7. The pressure-sensing-based adaptive mattress adjustment system according to claim 6, wherein: The pressure-support force mapping model is expressed by the following formula: F support = K1*P avg + K2*(dP / dt) + K3*T local ; Among them, F support is the supporting force, P avg is the average pressure, dP / dt is the pressure change rate, T local is the local temperature, K1, K2, and K3 are the weight coefficients of the average pressure, the pressure change rate, and the local temperature respectively. K1 = 0.6, K2 = 0.3, K3 = 0.

1. The weight coefficients K1, K2, and K3 are optimized through the reinforcement learning Q-Learning.

8. The pressure-sensing-based adaptive mattress adjustment system according to claim 6, characterized in that: The airbag adopts a vertically stacked double-layer airbag. The inner layer airbag is inflated for support, and the outer layer airbag releases shear force through lateral deformation to reduce friction with the skin. Each airbag is independently connected to an air pump and a solenoid valve; The air pump adopts an eight-zone independent air chamber design, and the flow rate can be adjusted.
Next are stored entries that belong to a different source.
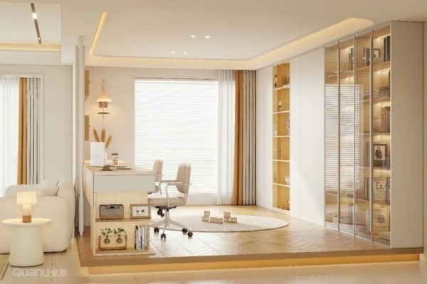 若想拥有一个更沉浸、独立的办公区,可将整个区域抬高做成地台。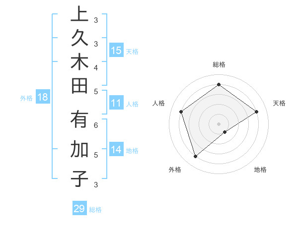 上久木田 有加子さんを姓名の画数から五運を鑑定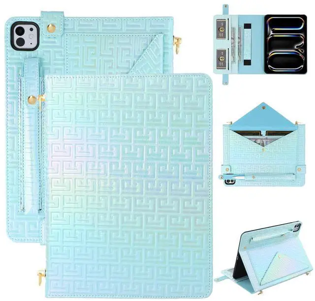 ^^ [Convenient Strap]: Shockproof case for iPad pro 11" (M4/M5) with an adjustable, detachable shoulder strap allows you to easily carry your device as a tablet bag or crossbody case. Snug fits and offers precise cutouts for the camera, speakers, and ports. Cute folio case with a glitter gradient finish for women, girls.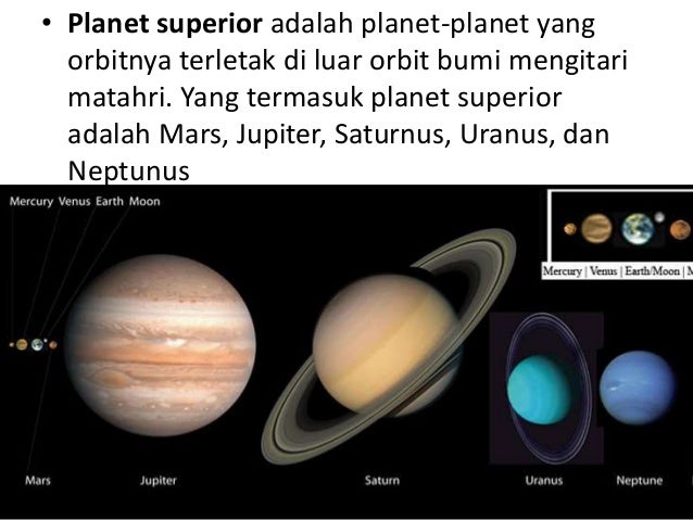 Planet Superior merupakan planet yang orbitnya terletak diluar orbit Bumi yaitu Jupiter Saturnus Uranus Neptunus.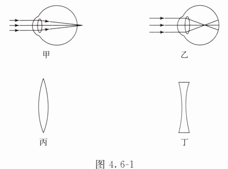 图4.6-1中,甲图和乙图为人眼的两种成像情况,丙图和丁图为两种透镜的示意图,则近视眼的成像情况及矫正近视应该选择的透镜分别是(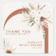 Bohemian Floral Arch, thank you favor sticker. Boho style watercolor flowers, pampas grass and delicate green foliage frame with beige and terracotta orange arch shapes.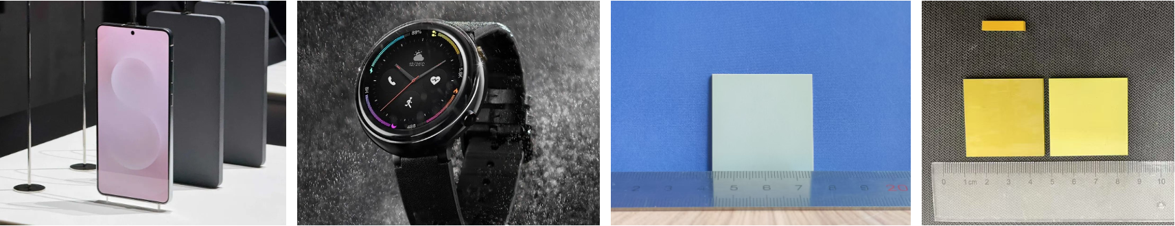 面向通信、物联网及智能穿戴设备对高可靠性与高频信号传输能力的材料需求,团队通过优化氮化硅陶瓷的组分与织构化微观结构设计,成功实现了其力学性能与热导率的协同优化。同时,团队采用稀土离子掺杂技术实现了氮化硅陶瓷的精确色调控制,包括黑色、黄色、粉色、绿色等多种颜色,既满足了智能终端在美学设计上的个性化需求,又在保持高强度和耐用性的基础上提供了优异的抗刮擦和抗老化性能,在智能终端设备外壳领域具有广阔的应用潜力。

9. The pressure-sensing based adaptive mattress adjustment system according to claim 1, characterized in that: It also includes a sleep data statistics module, a mobile terminal, and an interactive touch screen connected to the control unit; The sleep data statistics module judges the pressure stability according to the three-dimensional pressure thermal map, calculates the sleep quality score in combination with the number of turns, and sends it to the control unit together with the three-dimensional pressure thermal map; The mobile terminal visually displays the three-dimensional pressure thermal map and the sleep quality score in real time, and can select scenario settings such as medical mode, exercise recovery mode, zero pressure mode, and reading mode for the control unit; The interactive touch screen is set on the side of the mattress and supports one-key emergency leveling and sensitivity setting; Among them, the mobile terminal communicates with the control unit through Bluetooth 5.0 and uses AES-128 for data encryption transmission.